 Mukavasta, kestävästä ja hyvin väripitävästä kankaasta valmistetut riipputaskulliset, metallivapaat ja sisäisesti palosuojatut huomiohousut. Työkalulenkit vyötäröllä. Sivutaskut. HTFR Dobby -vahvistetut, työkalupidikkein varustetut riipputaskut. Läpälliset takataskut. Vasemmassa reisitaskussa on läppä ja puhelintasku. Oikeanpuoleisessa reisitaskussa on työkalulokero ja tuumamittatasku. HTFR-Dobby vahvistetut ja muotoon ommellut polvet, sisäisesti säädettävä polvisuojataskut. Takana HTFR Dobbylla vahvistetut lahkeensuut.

==

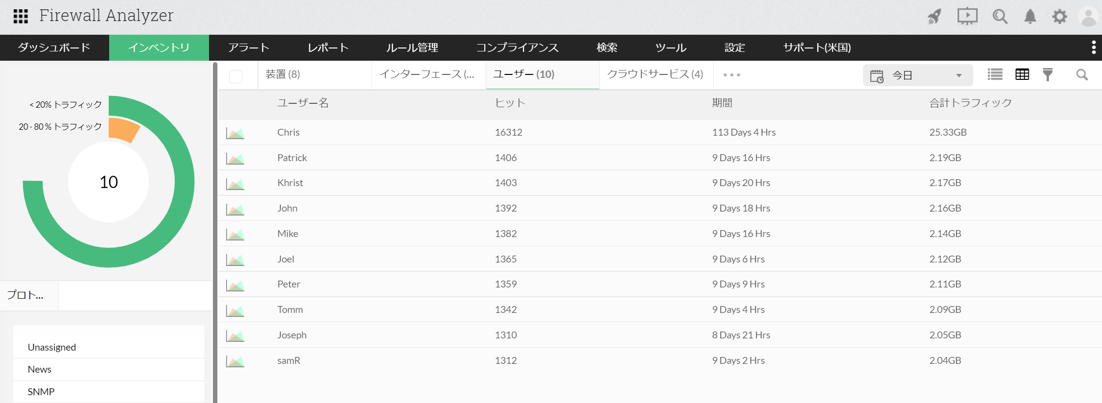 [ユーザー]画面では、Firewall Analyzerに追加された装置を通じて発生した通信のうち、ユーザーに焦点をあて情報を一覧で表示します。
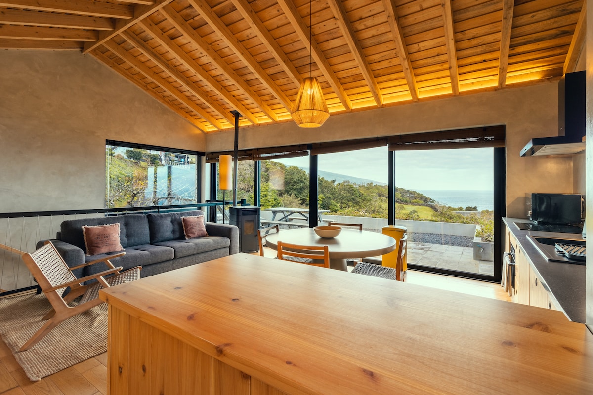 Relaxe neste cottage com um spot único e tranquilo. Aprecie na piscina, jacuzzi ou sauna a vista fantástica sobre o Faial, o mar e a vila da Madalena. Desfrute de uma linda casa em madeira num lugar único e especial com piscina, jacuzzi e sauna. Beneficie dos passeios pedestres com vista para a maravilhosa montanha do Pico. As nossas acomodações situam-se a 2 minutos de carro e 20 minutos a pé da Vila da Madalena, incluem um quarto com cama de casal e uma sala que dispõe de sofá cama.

> **Problem to work on**
With the pictures omitted, copy the entries above exactly from the line containing "[ユーザー]画面では、Fir" through the line containing "Relaxe neste cottage", both lines included.

> **Exercise answer**
 [ユーザー]画面では、Firewall Analyzerに追加された装置を通じて発生した通信のうち、ユーザーに焦点をあて情報を一覧で表示します。
 Relaxe neste cottage com um spot único e tranquilo. Aprecie na piscina, jacuzzi ou sauna a vista fantástica sobre o Faial, o mar e a vila da Madalena. Desfrute de uma linda casa em madeira num lugar único e especial com piscina, jacuzzi e sauna. Beneficie dos passeios pedestres com vista para a maravilhosa montanha do Pico. As nossas acomodações situam-se a 2 minutos de carro e 20 minutos a pé da Vila da Madalena, incluem um quarto com cama de casal e uma sala que dispõe de sofá cama.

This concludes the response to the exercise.